From the Darkness to the Light

Posted: Wednesday, 20 June, 2012 by deacongray in Articles of Interest, Community Announcements, Community Articles, Uncategorized

Many people live their life in the bright light of day while hiding something that is chilling, frightening under a mask of normalcy.  Whether you grew up in a wealthy gated community, a typical suburb or the inner-city, bad things happen in dark corners. There are all manner of sins happening right next door, or in some cases between in the walls where we ourselves dwell every day.

Perhaps the reason why some people end up in fringe groups, including the vampire community, is to escape this façade or perhaps to make sense of it. Disci Moonwraith [a false name] is one of those people, one who found her way into our little corner of the world only to find that monsters lurk here too.

GYP: Disci, will you tell us a little about yourself?

Disci: I am a twenty four year old female from the north eastern United States, more than that would be saying too much and as we agreed I really don’t want the publicity of giving out too much information. Though I suppose that isn’t really what you had in mind with the question.

I suppose I should say, to help place all this in context, that I was your typical all American on the outside. I grew up without much material need, my stomach was full, I had a mother that read me bed time stories, and father that was the image of a man in nearly every way. It is easy enough to say I loved them both, but much harder to explain just how much, though I think many will understand without much further explanation. To put it simply, mine was a good life until my father passed away and that left a hole in my life, a hole that eventually lead me to where I am now.

GYP: I think when most people look at the Vampire Community they see a place where all the people involved are products of broken homes, or mental illness, but it sounds like you are pretty stable.

Disci: Thank you. I would be lying if I said everything has always, or is always a state of serenity.

GYP: I am sorry to ask you to share the details, the real reason you are being interviewed, but rather than prolong it perhaps it is better to simply pull the bandage off quickly?

Disci: Very well. My father passed away when I was around thirteen. The details are not important, but sufficed it say it was an impressionable time in my life. I found myself drifting, I had a hole in my life and with my mother in morning much of what I was doing was obscured by her veil of sorrow. She hardly noticed when I stopped hanging out with my old friends, didn’t bat an eye when my attire changed, and my grades started to slip.

Oh I know you might be picturing someone dressed in gothic attire, but I didn’t go that direction at all. I went more of a spiritual direction, Wicca to start with, but that was just a start.

For a while I tried to convince myself and others that I had found a new spiritual path in my life, from there I slipped into experimental aspects and met my first girlfriend. In an odd way I find it amusing that my father always warned me about unscrupulous men, but it was the more carefree exciting allure of a young lady that drew me into my first sexual experiments. Casey was a great person and she didn’t deserve what I brought to her life. Eventually she couldn’t handle it either. Darkness, the real kind, not that crap from movies seeps out of your soul I think. It infects others and leaves them stained with it. I know I feel stained by it sometimes, though today my Mask is firmly in place, and people see a bright pretty lady with all the things one could hope for in life more or less. But, I am getting ahead of myself.

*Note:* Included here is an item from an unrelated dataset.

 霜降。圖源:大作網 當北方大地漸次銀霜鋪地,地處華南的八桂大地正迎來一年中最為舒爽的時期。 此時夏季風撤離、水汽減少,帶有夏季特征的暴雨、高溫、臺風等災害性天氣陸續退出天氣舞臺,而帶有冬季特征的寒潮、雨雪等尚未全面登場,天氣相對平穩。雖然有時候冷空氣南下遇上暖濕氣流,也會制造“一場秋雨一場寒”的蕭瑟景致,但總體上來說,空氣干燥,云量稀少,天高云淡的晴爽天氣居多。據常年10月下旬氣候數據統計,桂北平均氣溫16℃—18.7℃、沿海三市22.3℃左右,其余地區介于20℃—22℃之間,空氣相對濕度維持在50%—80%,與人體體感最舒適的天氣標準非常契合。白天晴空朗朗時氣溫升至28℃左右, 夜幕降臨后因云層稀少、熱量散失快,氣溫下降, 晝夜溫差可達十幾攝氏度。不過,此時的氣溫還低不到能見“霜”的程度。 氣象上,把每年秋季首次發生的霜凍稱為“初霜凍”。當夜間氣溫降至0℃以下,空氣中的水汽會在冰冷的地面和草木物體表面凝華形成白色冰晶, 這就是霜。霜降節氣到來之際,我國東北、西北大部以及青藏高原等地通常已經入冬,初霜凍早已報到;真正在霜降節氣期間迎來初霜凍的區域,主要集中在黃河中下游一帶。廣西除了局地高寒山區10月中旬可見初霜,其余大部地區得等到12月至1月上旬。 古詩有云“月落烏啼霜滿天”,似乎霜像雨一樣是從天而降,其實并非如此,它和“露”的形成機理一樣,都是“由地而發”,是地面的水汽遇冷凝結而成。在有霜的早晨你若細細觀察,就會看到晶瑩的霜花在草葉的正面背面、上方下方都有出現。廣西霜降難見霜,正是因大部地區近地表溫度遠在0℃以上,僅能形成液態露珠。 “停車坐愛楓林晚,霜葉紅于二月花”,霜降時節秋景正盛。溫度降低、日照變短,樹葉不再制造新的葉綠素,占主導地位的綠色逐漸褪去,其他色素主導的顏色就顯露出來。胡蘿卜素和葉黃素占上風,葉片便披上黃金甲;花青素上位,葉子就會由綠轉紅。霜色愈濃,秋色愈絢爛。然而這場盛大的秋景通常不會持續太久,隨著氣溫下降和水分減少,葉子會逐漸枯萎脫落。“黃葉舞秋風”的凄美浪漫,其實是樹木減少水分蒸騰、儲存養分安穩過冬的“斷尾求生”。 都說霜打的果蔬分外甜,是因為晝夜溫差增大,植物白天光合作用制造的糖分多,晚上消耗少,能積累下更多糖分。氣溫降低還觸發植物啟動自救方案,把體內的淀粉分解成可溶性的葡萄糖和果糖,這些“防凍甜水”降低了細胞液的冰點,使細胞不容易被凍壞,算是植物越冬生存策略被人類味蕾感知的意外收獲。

GYP: When did you meet Matthew? [ also a fake name]

Disci: Aw, I see that my dodging around the subject didn’t last long. I was fifteen, he was much older, thirty two actually and he was-exciting. At the time I thought I had found someone my father would have been proud of. My mother liked him at once, and while she didn’t want him dating me, she did think it was ok for him to be around as a friend, a mentor and role model.

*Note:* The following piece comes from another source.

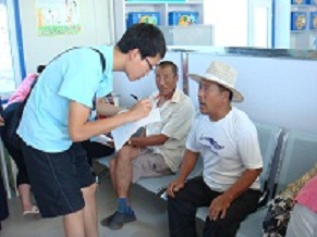 7月12号365英国上市集团暑期“三下乡”农民健康体检实践小组一行24人来到榆树市,在之后的四天里要在榆树市保寿镇黑林子村和闵家镇卫生院为农民进行健康体检。由于榆树健康体检人数较多,工作量比较大,要求待检农民早餐空腹,所以要求工作人员提前到场,指导老师和同学们都五点左右就起床,然后再车上把早餐解决,如果遇到道路特别远的起床还会更早。在这四天里,天气变幻莫测,刮风下雨阴晴不定,特别是黑林子村的条件比较艰苦,给活动带来了很大的困难,但是所有的队员没有一个说苦喊累的,都认真的完成自己的任务,咬牙坚持过来。在榆树“三下乡”的几天里,志愿者们为村民们量血压、血糖、体测,协助老师和医生采血、做心电,向他们讲述有关健康的知识;遇到血压、血糖不正常的村民,及时向他们普及健康知识,并告诉他们如何注意饮食和生活习惯,预防高血压和糖尿病的发生。

He smiled a lot, laughed and joked. He knew the music I listened too, and what was trending in the world nearly as well as I did. It seemed natural to fall for him, natural enough that I didn’t think twice when I made love to him the first time. He visited me at home, and my mother was bright enough to work out that were we in a romantic relationship, and once again on the surface everything was exactly as it should be.

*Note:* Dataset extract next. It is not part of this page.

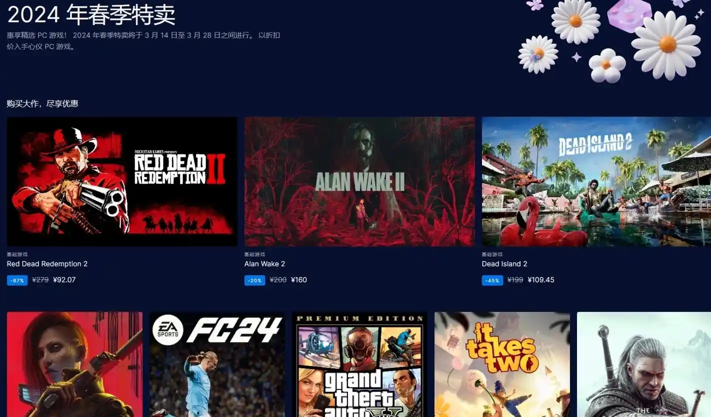 与此同时,另一大游戏平台Steam也于今日开启了2024年春季特卖活动。虽然活动截止时间较早,但同样有多款游戏推出了新史低折扣,其中也包括《战地风云 2042》等热门作品。对于同时关注两个平台的玩家来说,这无疑是一个难以抉择的选择。

He was polite and generous, always well dressed and well mannered, charming really. I am not even really sure when things started to go wrong. I know our love-making had become more rough, he left marks, but I wore them proudly, symbols of our love.

He took me places, clubs and concerts, I met his friends and they treated me really well. It was on one such night that he told me that he was part of the Vampire Community. I was intrigued.

Things slipped from rough love-making to “acting out fantasies” which were of course his fantasies. We “played rape” and there were times when I wasn’t playing, but after it was over he held me and called me a good girl. He would kiss my forehead and stroke my hair; it made me feel loved, just as the “play rape” made me feel dirty.

I delved deeper into my spiritualism; he shared articles he found on spiritual vampirism, on sexual vampirism and Eros types. I know it was foolish but I felt that draw so powerfully. It was like waking up and discovering that I wasn’t alone, that I was part of something bigger. I wanted to read everything to know everything about it and Matthew just happened to know some of the people in that community.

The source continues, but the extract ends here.